Козеллек предложил ту строгую оптику, которой мы будем стараться придерживаться: исторический персонаж и его действия должны быть поняты сначала в логике их собственного хронотопа. Поле опыта и горизонт ожиданий образуют ту современность (см. подробнее в главе 4), из которой должны быть поняты те или иные действия исторического персонажа и его мотивы. То, что с нынешних позиций может предстать как ошибка, в прежних обстоятельствах было просто одной из возможностей. Не то что нельзя применять к прежним событиям сегодняшнюю мерку, но тогда мы привносим в оценку знание, которого у тех субъектов еще не было. Поэтому важна последовательность и разделение операций: сначала понять действия персонажей в той «их» логике и лишь затем оценить в «этой» — нашей. При взгляде в прошлое наша оптика удваивается, и решения, условно, 1968 или 1988 года принимал не тот же самый Горбачев, который даст им оценку в 2011-м, диктуя стенографистке Ирине Вагиной главы книги «Наедине с собой».

Еще Козеллек считает, что История в том виде, как мы ее понимаем сегодня, только и началась где-то в XVII веке с догадки о том, что все могло бы быть совсем иначе. Эта мысль, кажущаяся нам такой очевидной, раньше эпохи модерна, пока век за веком повторялось, в общем, одно и то же, просто никому не пришла бы в голову. В Привольном для Миши Горбачева история началась лишь тогда, когда он сделал выбор и рванул в Москву, а иначе вся его жизнь крутилась бы на одном и том же месте изо дня в день и из года в год, как, наверное, жизнь большинства друзей и возлюбленных его юности.

На протяжении жизни Горбачева поле его опыта постоянно расширялось, и, исходя из этого, он умел и не боялся выстраивать всякий раз новый горизонт ожиданий.
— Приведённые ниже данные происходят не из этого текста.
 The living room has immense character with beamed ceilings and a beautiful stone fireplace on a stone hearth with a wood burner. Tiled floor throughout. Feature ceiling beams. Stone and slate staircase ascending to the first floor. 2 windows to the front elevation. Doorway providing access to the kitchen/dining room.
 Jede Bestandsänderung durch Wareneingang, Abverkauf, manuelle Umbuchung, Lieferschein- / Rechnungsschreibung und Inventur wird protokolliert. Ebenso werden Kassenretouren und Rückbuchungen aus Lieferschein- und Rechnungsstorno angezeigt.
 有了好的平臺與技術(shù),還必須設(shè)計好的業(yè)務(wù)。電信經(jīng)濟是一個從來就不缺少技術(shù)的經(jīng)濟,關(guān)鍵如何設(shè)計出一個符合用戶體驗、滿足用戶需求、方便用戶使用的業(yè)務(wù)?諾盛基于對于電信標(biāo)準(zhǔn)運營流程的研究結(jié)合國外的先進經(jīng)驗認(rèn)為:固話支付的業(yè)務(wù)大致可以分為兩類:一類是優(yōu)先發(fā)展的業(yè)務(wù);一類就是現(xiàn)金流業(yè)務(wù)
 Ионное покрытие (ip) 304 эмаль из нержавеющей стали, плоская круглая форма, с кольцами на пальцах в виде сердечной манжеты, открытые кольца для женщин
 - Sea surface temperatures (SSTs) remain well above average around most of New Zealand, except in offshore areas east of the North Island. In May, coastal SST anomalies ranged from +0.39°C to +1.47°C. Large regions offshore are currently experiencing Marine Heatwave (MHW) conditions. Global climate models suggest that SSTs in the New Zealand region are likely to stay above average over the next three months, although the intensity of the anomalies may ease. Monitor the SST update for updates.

А мысль Козеллека о том, что история начинается лишь с того момента в прошлом, когда «все могло быть совсем иначе», по-настоящему революционна. В том и состоит соблазн такого мировоззрения, опасный для всякой текущей власти, что, если все могло быть иначе вчера, значит все может быть иначе и завтра, а оно начинается сегодня — прямо сейчас.

В качестве хобби Козеллек коллекционировал изображения мемориалов воинской славы из всех стран мира, а часто и сам их фотографировал. Эта огромная коллекция — тысячи снимков — привела его к выводу, что большинство изображений отсылает не просто к смерти, а к «смерти ради». Но такие памятники вскоре оказываются заброшенными, если не культивируются искусственно, а сохраняются те редко встречающиеся, где передана просто скорбь. Другими словами, сохраняется только человеческое, а политическое — это тлен.
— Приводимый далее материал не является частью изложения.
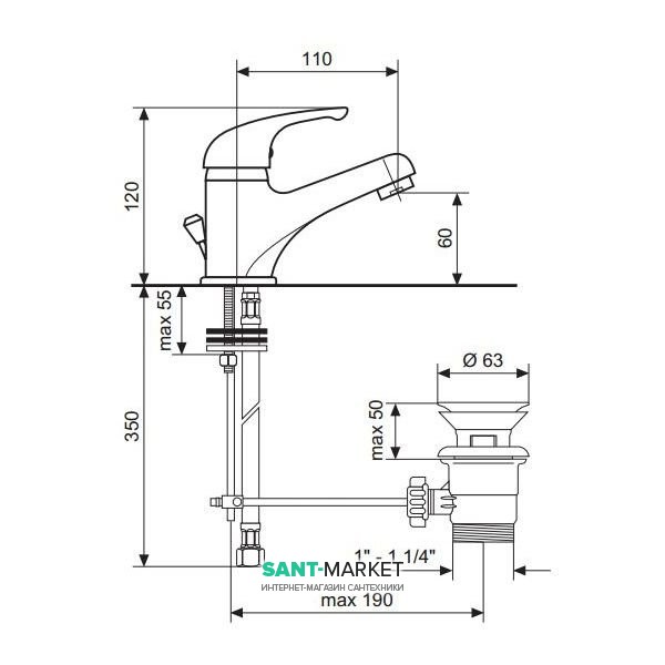 Смеситель для раковины однорычажный с донным клапаном EMMEVI коллекция Giglio сатин SC8003GTC
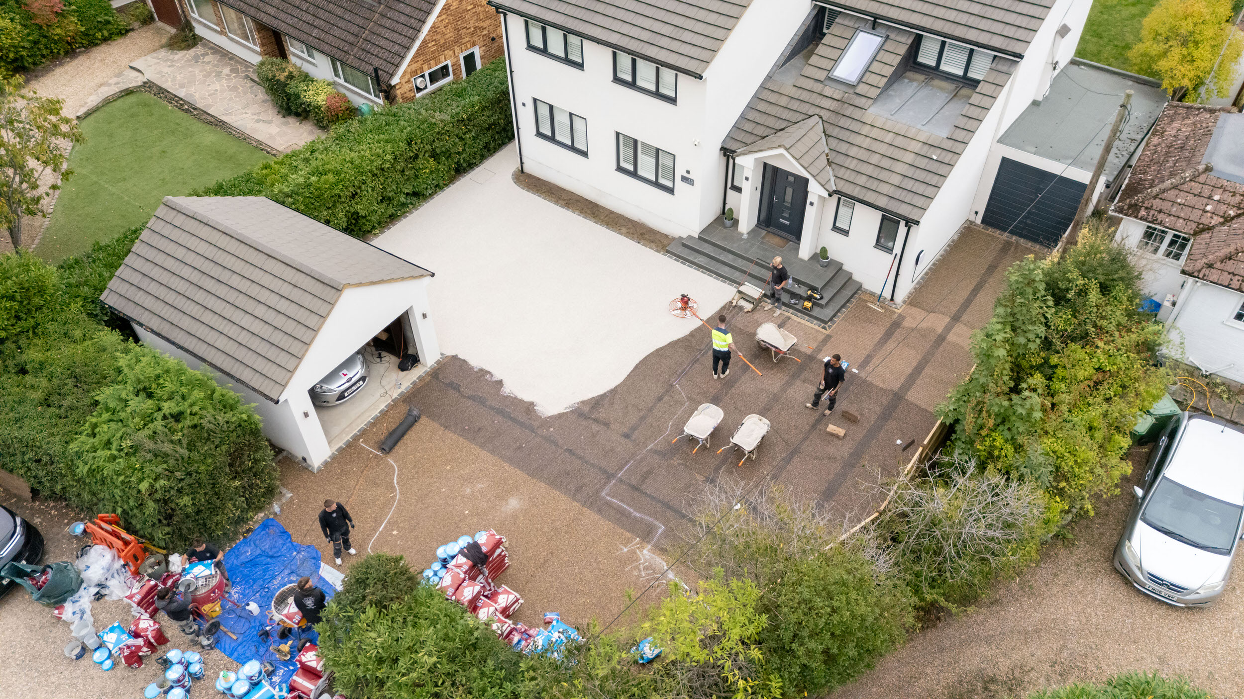 Resin Bound Driveway: Installation of Vuba resin system, including both binder and surface courses, for a durable, low-maintenance finish.
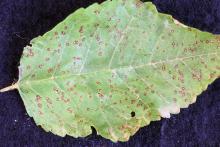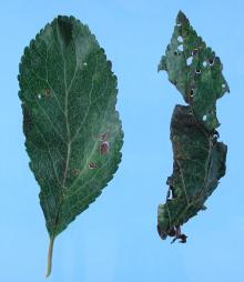 Symptoms Both fungi produce small, purplish, circular spots that turn brown as they enlarge. Spots caused by shothole are generally larger. Often the spots' centers drop out, giving the leaf a shothole appearance.
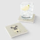 The coasters are gorgeous, a quality feel and heavy weight. They look like a precious archeological find. A rustic stone juxtaposed with a modern floral black and white print. I like the way the print goes slightly imperfect on the cut stone edges giving them a kind-of natural beauty.
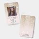ID-Abzeichen mit einem schicken Skript, einer modernen Schrift und einem Golden Glitzer-Effekt. Fügen Sie dem Abzeichen Ihr Logo und das Foto des Mitarbeiters hinzu.
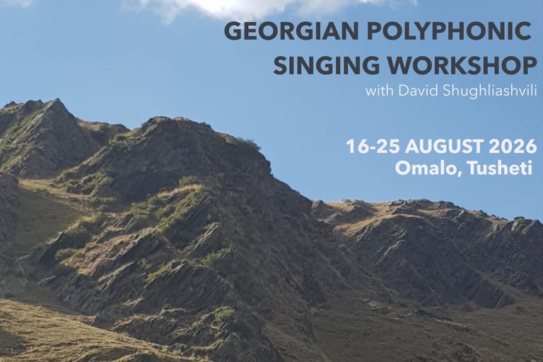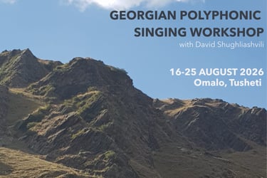 Set within the remote landscape of the Caucasus mountains, the workshop offers an immersive environment for engaging with traditional Georgian vocal practice, learning songs from different regions, and understanding their cultural and historical context.
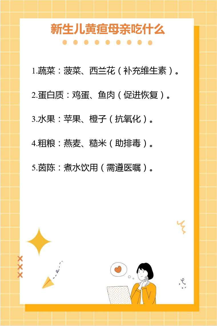 新生儿黄疸母亲可通过合理饮食辅助缓解,常见食物有清淡蔬菜、富含蛋白质食物、新鲜水果、粗粮谷物、茵陈等。
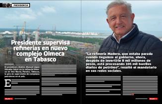Al concluir la gira de supervisión de complejos petroleros, el presidente Andrés Manuel López Obrador destacó que la reha bilitación de la refinería Madero, en Tamaulipas, como parte del rescate de la industria petrolera impulsado por el Gobierno de México, ha dado resultados positivos.
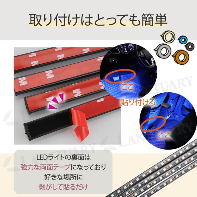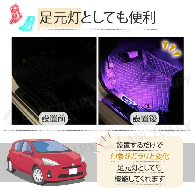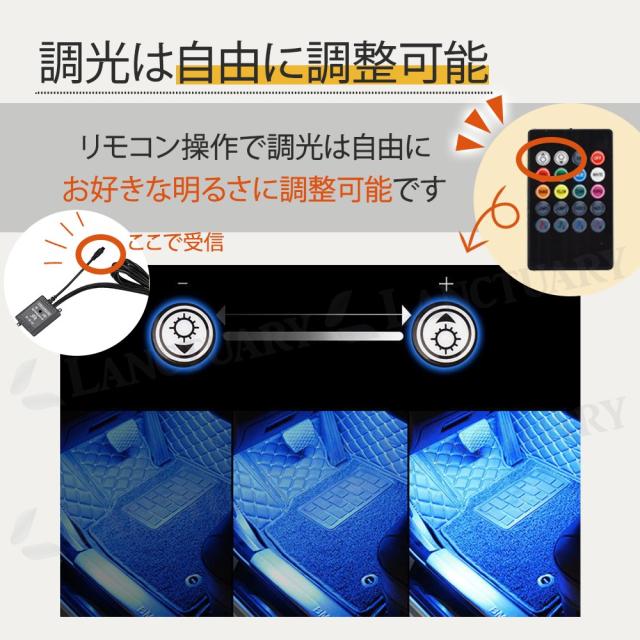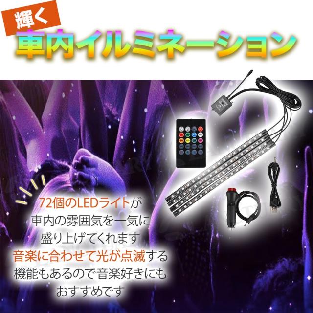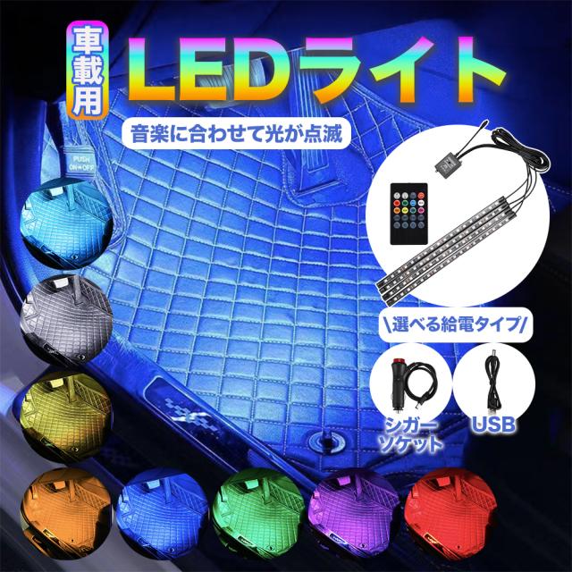 車載用LEDライト シガーソケット USB ドライブ 足下照明 音楽に合わせて光が点滅 調光 リモコン付き 両面テープ 柔軟性 8色 カー用品 車内イルミネーション agesugi_ssp
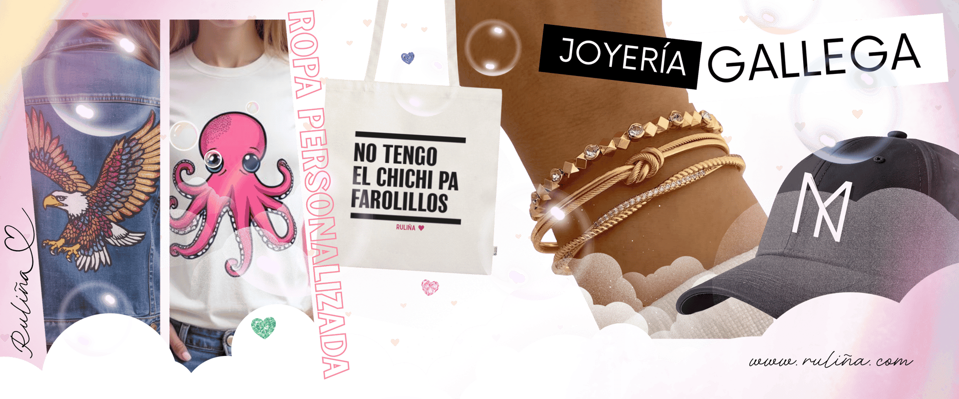 Somos una marca de regalos personalizados y joyas handmade gallega que nace de las ganas de crear cosas nuevas, transformando regalos en cosas únicas y especial, con la magia que caracteriza nuestra tierra gallega. Ruliña es una hermosa expresión gallega que significa "mi tesoro", una palabra cargada de amor y ternura. En Ruliña, nos inspiramos en ese mismo sentimiento para dar vida a cada una de nuestras creaciones, personalizando cada detalle con dedicación y mucho cariño. 💖✨.
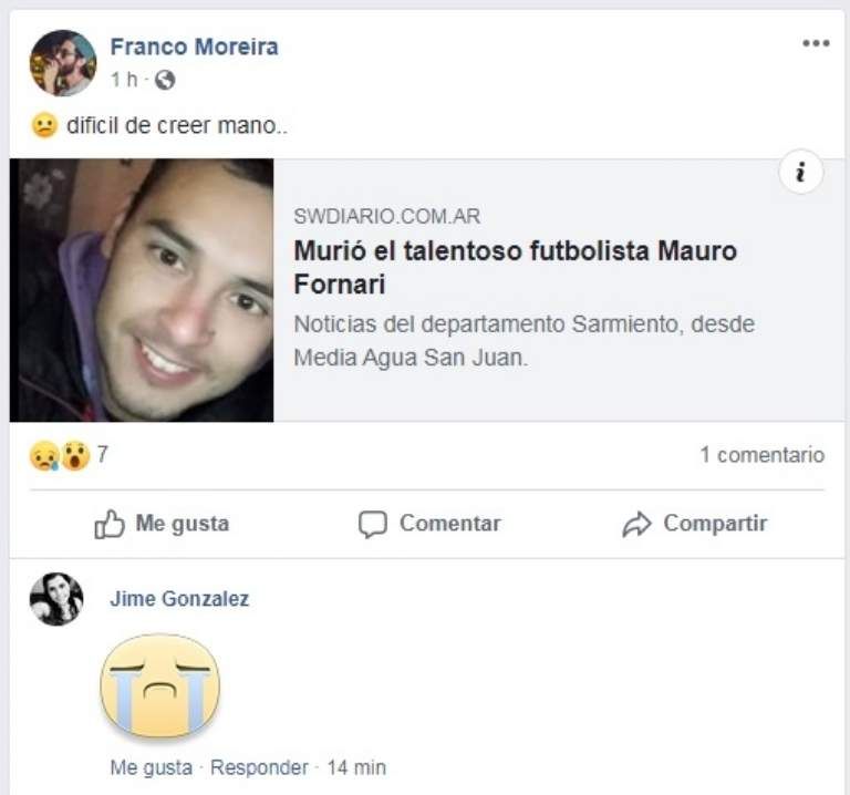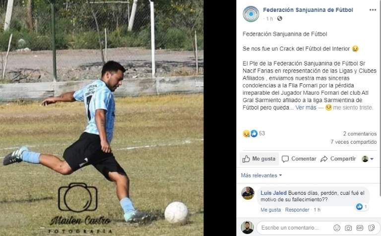 Esta será una triste Navidad para la familia Fornari de Sarmiento, debido al fallecimiento de Mauro Fornari, jugador de fútbol del departamento sanjuanino. El deportista jugaba en el Club Atlético Sarmiento y fue hallado sin vida en el fondo de la casa de su abuelo.

Считавший себя политиком Горбачев в своей последней версии придет, в общем, к тому же самому выводу. Но для юного Миши, смотревшего с верхней полк в окно, горизонтом ожидания был университет и неопределенный «коммунизм», а полем опыта, наряду с тем полем, где у него шла носом кровь, — некая мешанина исторических «формаций», выстроенная в логике «классовой борьбы». Так он себя видел тогда и в этом смысле ничем не отличался от большинства советских людей. Пройдет 40 лет, и горизонтом их ожиданий станет капитализм «как у них», а полем опыта — зыбкая почва представлений о «невидимой руке рынка», усвоенных из газет. Потом и это схлопнется, и на время явится как бы внеисторический постсоветский человек — циничный и озабоченный только сегодняшним днем под лозунгом «обожрать и скрыться».

Ну так пора уже выходить из этого полуобморочного состояния: история не кончилась, и пусть горизонт сегодня совсем в тумане, зато на поле опыта есть чем поживиться, хотя это потребует усилия (как и чтение этой книжки).
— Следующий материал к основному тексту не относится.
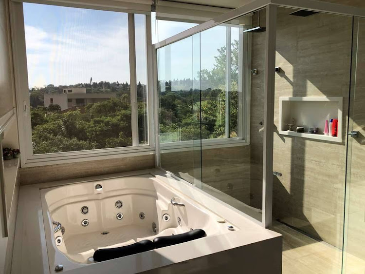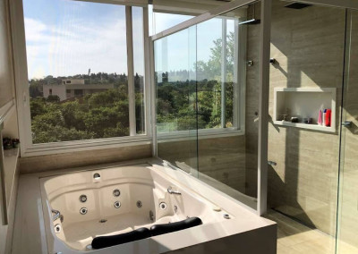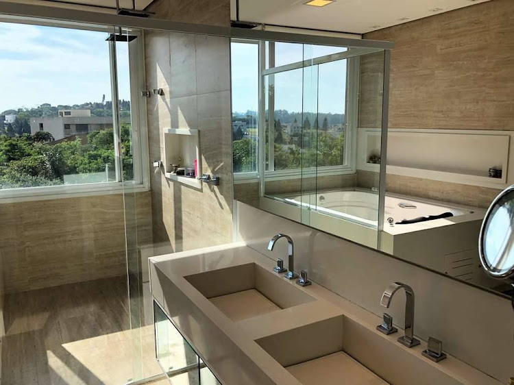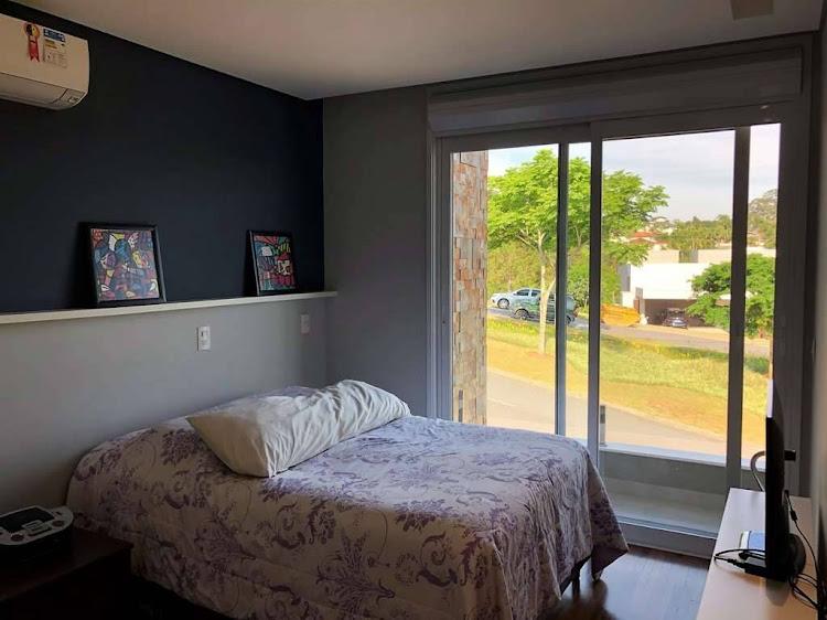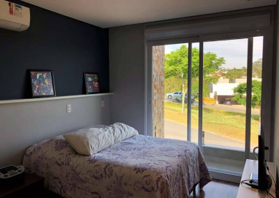 - Suíte master muito confortável, com sala de vestir e vista para área preservada. Banheiro panorâmico com penteadeira, hidro dupla, chuveiro com duas duchas de teto e pia com duas cubas.
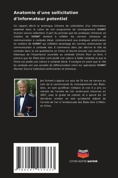 Ce rapport décrit la technique chinoise de sollicitation d'un informateur potentiel dans le cadre de son programme de renseignement HUMINT (human source collection). Il part du principe que les pratiques chinoises en matière de HUMINT tendent à refléter les normes chinoises de communication à contexte élevé, contrairement aux pratiques américaines en matière de HUMINT qui reflètent davantage les normes américaines de communication à contexte bas. Il commence donc par décrire le rôle du contexte dans la vie quotidienne en Chine et fournit ensuite une explication théorique de l'importance accordée au contexte chinois. Pour ce faire, il précise que les États-Unis sont plutôt une culture à faible contexte et que la Chine est plutôt une culture à contexte élevé. Il souligne en outre que le rôle du contexte est une variable de différenciation entre les opérations HUMINT (Human Source Collection) américaines et chinoises.

Глава 3Передовой советский вуз (1950–1955)

Юрфак на Герцена

На сайте Московской консерватории можно прочесть, что ее Рахманиновский зал на Большой Никитской был пристроен к зданию Синодального хорового училища в 1898 году, а «в 1968 году здание присоединили к Консерватории» (с которой оно соседствует). «Много лет ушло на реставрацию», пока зал не был открыт концертом Святослава Рихтера в 1983-м. Это весьма неточно, потому что с 1942 по 1976 год в этом здании находился юридический факультет Московского государственного университета.

На сайте юрфака МГУ здание по улице Герцена, 11 (до и после — Большая Никитская) вообще не упоминается. Между тем юрфак переехал отсюда на Ленинские (до и после Воробьевы) горы лишь в 1976 году. С 1970 по 1975-й на Герцена учился я сам, сюда в 1945 году вернулся с фронта мой отец, и именно сюда в деканат юрфака в конце августа 1950 года прямо с Казанского вокзала приехал первокурсник Михаил Горбачев.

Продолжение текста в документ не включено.